» **Problem to work on**: From the material below, reproduce exactly the stretch of lines that begins with the line holding "On 24 June 2019" and ends with the line holding "Në tregtinë me", skipping the pictures.

» **Data for this task**:
★ ★ ★ ★
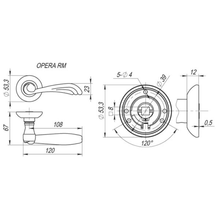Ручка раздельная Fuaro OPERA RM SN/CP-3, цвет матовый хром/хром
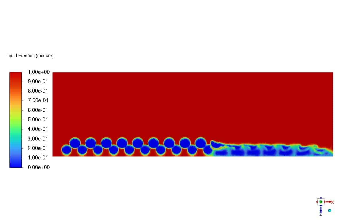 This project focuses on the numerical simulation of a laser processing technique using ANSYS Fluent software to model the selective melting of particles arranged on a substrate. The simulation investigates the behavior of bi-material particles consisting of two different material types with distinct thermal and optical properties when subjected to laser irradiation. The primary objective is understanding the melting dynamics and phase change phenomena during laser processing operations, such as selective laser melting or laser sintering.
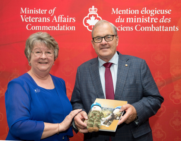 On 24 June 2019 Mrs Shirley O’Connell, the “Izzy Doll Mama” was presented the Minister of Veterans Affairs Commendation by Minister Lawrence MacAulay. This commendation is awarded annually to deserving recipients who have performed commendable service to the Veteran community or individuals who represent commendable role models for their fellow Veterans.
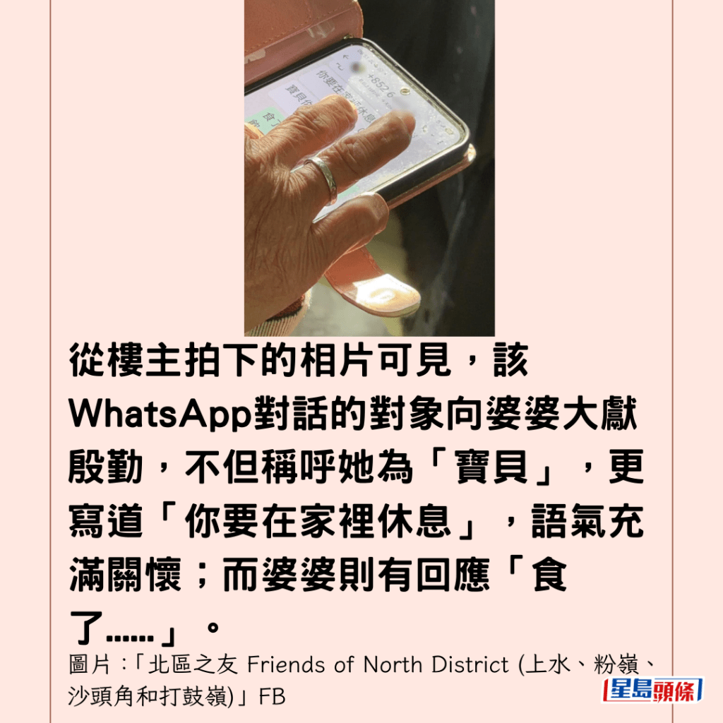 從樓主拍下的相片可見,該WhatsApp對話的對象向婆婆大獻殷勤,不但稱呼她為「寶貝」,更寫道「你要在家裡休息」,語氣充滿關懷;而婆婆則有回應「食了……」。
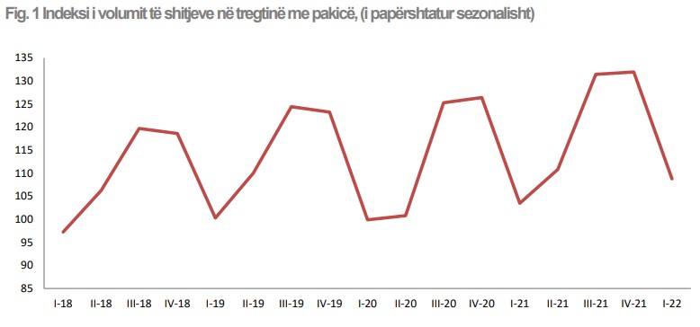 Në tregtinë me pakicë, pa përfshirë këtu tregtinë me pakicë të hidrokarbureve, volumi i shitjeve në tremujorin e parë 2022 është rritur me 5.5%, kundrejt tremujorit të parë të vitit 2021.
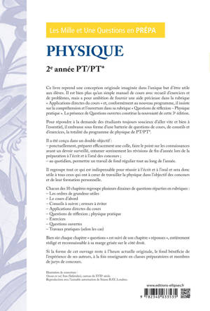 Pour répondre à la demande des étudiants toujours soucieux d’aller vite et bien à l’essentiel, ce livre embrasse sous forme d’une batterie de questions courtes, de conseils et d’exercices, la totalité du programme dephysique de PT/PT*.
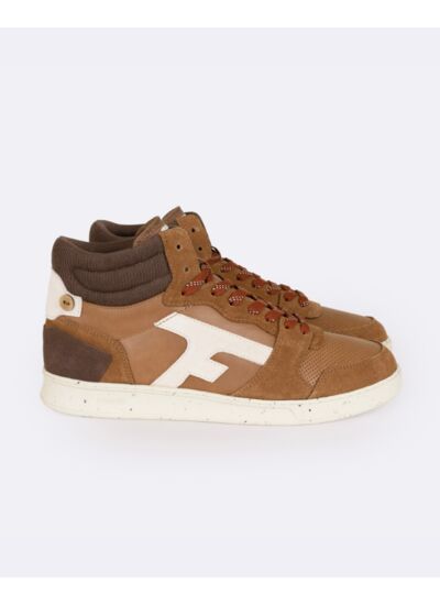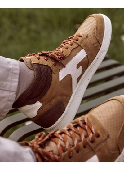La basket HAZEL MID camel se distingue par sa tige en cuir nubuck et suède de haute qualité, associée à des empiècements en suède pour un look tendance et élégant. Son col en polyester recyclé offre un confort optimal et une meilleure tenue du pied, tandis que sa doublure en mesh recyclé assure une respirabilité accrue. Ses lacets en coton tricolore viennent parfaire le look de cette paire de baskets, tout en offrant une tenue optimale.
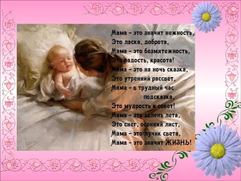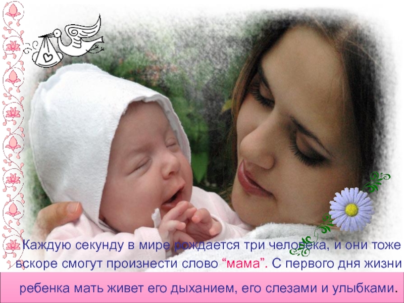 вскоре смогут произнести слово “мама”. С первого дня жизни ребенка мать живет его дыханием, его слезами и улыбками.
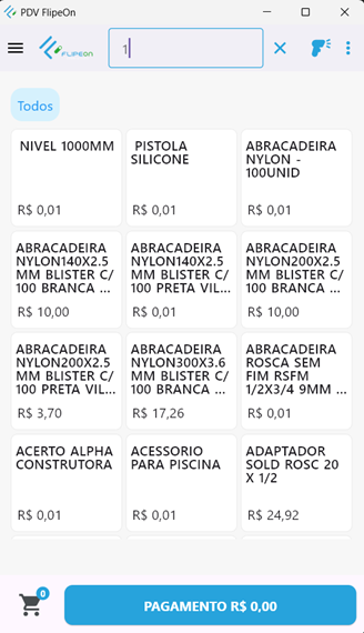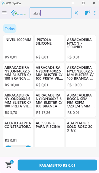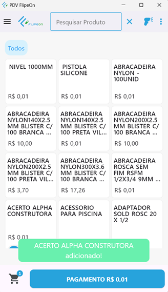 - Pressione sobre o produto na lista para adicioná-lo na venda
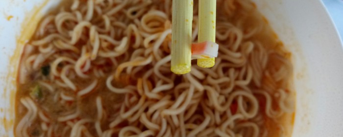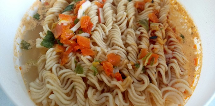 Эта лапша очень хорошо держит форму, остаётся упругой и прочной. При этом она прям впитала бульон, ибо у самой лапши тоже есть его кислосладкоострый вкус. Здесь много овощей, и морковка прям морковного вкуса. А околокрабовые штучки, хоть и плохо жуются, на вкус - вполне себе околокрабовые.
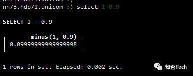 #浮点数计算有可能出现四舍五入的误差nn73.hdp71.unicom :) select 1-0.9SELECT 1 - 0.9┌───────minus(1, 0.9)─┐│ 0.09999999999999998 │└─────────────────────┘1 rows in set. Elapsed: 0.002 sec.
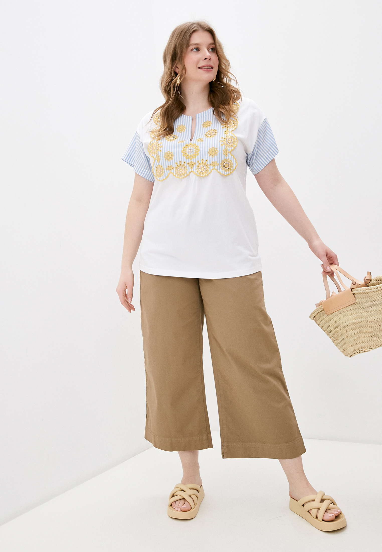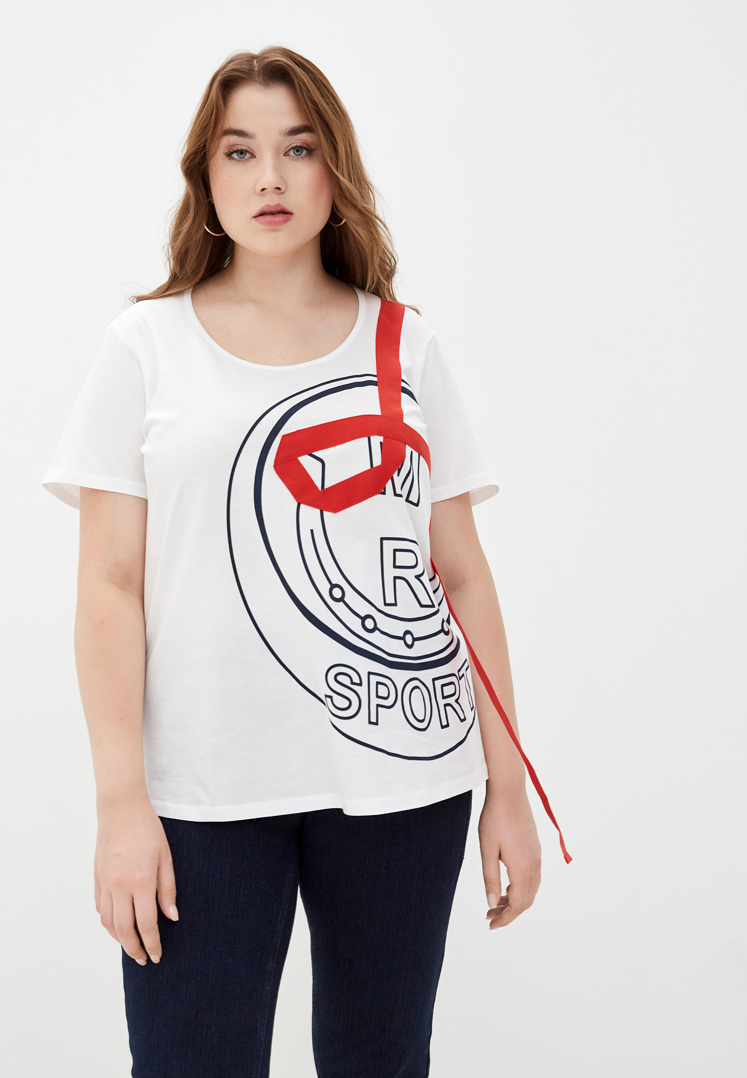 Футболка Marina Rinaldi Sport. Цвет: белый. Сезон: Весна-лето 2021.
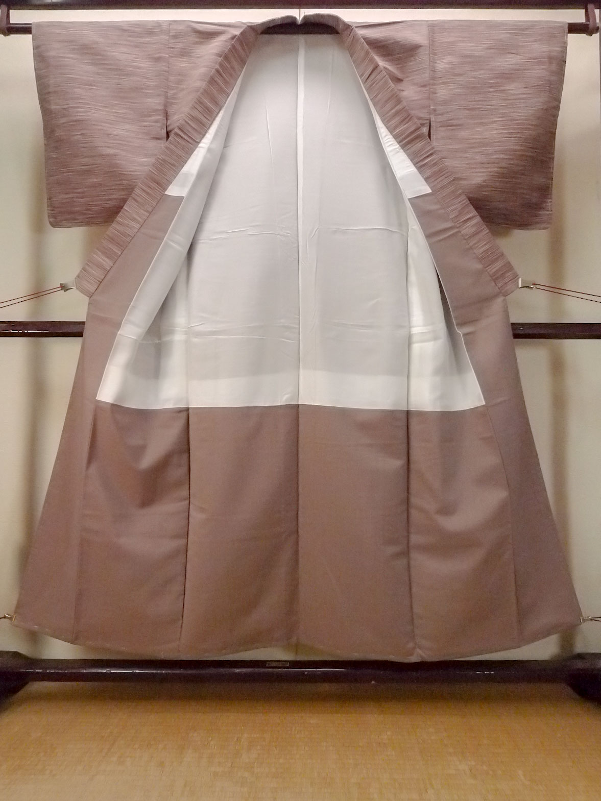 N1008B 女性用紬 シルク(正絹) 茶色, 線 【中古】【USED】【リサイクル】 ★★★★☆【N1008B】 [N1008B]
★ ★ ★ ★
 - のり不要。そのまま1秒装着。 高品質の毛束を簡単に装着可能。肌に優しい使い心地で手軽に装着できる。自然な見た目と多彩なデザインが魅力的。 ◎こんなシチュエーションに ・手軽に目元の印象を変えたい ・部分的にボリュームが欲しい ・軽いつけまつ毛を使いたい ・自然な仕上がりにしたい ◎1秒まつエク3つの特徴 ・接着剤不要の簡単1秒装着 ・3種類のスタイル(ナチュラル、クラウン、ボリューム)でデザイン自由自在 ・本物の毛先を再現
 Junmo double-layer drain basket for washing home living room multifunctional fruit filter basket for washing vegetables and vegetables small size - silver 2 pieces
★ ★ ★ ★
» **Finished exercise**:
 On 24 June 2019 Mrs Shirley O’Connell, the “Izzy Doll Mama” was presented the Minister of Veterans Affairs Commendation by Minister Lawrence MacAulay. This commendation is awarded annually to deserving recipients who have performed commendable service to the Veteran community or individuals who represent commendable role models for their fellow Veterans.
 從樓主拍下的相片可見,該WhatsApp對話的對象向婆婆大獻殷勤,不但稱呼她為「寶貝」,更寫道「你要在家裡休息」,語氣充滿關懷;而婆婆則有回應「食了……」。
 Në tregtinë me pakicë, pa përfshirë këtu tregtinë me pakicë të hidrokarbureve, volumi i shitjeve në tremujorin e parë 2022 është rritur me 5.5%, kundrejt tremujorit të parë të vitit 2021.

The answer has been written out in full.